Кузнечики… Стрекочут, черти. Почти романтика. Дед говорил, что в древности июнь называли «изок» — «кузнечик», а старинное «червень» дали июню из-за червяков — червенцев, из которых добывали багряную краску. А мне этих червей всегда жалко было…
Дед много знает. Помню, в детстве он рассказывал (пугал!) о Семицкой неделе — той, что на седьмую после Пасхи идет: «русальной». Я вся дрожала от страшных его историй и потом долго не могла заснуть: «В Семицкую, — крутя ус, вещал дед, — покойники без пристанища бродят, о старой своей жизни вспоминают. Добрые люди, жалеючи, на их могилы приходят, разговаривают. „Задушные поминки“ справляют. А к кому не приходят живые, те часто из могил встают, с русалками дерутся, ссорятся. А русалки — хитрые! — за это живым мстят».
Через много лет я прочитала об этом в «Славянской мифологии», слово в слово, но ничего не почувствовала и поняла, что понемногу костенею.
Сумерки. Разводя костер, я смотрю, как Солнце заходит за воду, и, жертвуя 90 x 60 x 90, уплетаю макароны с тушенкой.

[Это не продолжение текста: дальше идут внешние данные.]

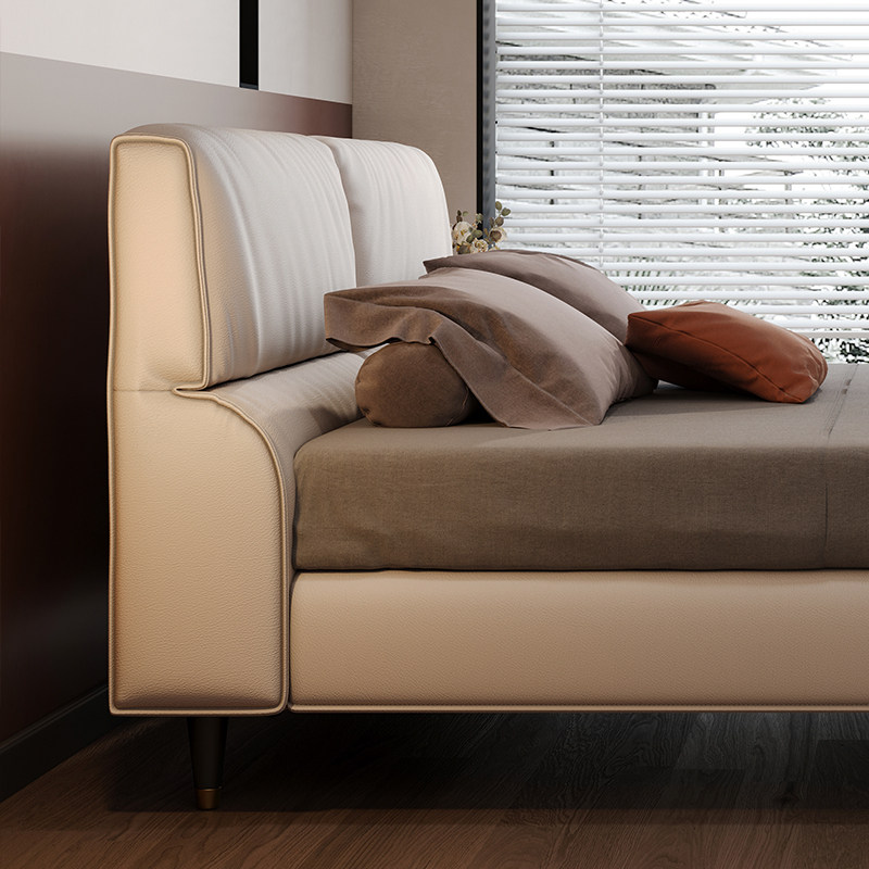 Modern minimalist bed high-end Italian minimalist leather bed high box storage high-legged edge bed master bedroom double bed leather bed

Через несколько часов за костром почти ничего уже не было видно. Я сняла часы — не хотелось считать чертовы секунды, которых всегда так мало: темный лес, прохлада воды, спящая рядом собака, языческое благоговение перед огнем — что еще нужно? Выпив стакан крепкой дедовой наливки, я закрыла бутыль: напиться в такую ночь оказалось бы слишком глупо.

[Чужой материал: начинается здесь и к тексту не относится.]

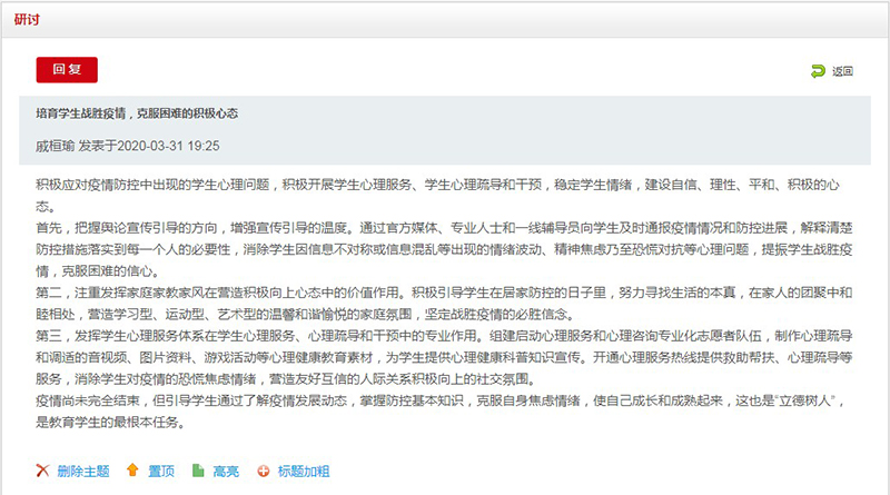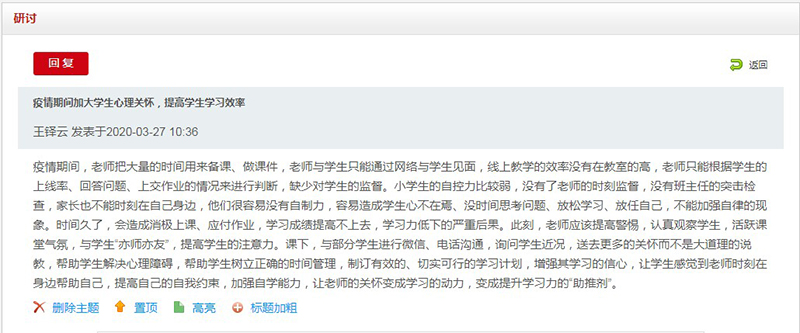 學(xué)生工作處教師姚斌表示,本次培訓(xùn)對(duì)輔導(dǎo)員角色定位及工作職責(zé)有了更深一步的認(rèn)知,對(duì)開展疫情防控工作、提升危機(jī)處理能力、守護(hù)學(xué)生身心健康起到指導(dǎo)作用,能幫助我們及時(shí)掌握特殊時(shí)期學(xué)生思想特點(diǎn)和行為特征,指導(dǎo)今后的工作。

…и отключилась. Прошлое казалось случайностью, о будущем же не думалось. Я врастала зрачками — в огонь, кожей — в воздух: «Нет, так не бывает», — вертелось в голове, но так было… И мираж лермонтовского паруса маячил, и исчезал страх, а слово «волшебно» не выглядело ни высокопарным, ни надуманным. Не хотелось ничего и никого. Наконец-то я пела с собой в унисон: и только ветки хрустели изредка, и только какие-то ночные птицы озвучивали это лето, и только мы — я и июнь — существовали в этом лесу. Не считая собаки.
Не помню, сколько времени я просидела вот так, глядя то на огонь, то на воду, как вдруг Альма повела своим мокрым носом, заурчала, ощетинилась.
— Что, собача?
Она встала и неслабо подала голос, на который наслоился уже другой, человеческий: так они и дуэтили посреди ночи, пока я не крикнула: «Кто там?» Вместо ответа показался стриженный «ежиком» мальчик лет восемнадцати — худощавый, с добрыми, оленьими какими-то глазами и маленьким рюкзаком за спиной. Мальчик понял мой жест и подошел к костру: мне почему-то показалось, будто «ежику» холодно и что его не надо бояться.
Я присела на бревно, изучая незнакомца: тот как будто стеснялся и не заговаривал. Его лицо было нежным, как у девчонки, впрочем, как и руки с длинными «пианистическими» пальцами, которые он тут же спрятал в карманы, поймав мой взгляд.
— Как тебя зовут? — начала я, хотя меньше всего в ту ночь мне хотелось с кем-то знакомиться.
Мальчик помотал головой.
— Не понимаешь по-русски?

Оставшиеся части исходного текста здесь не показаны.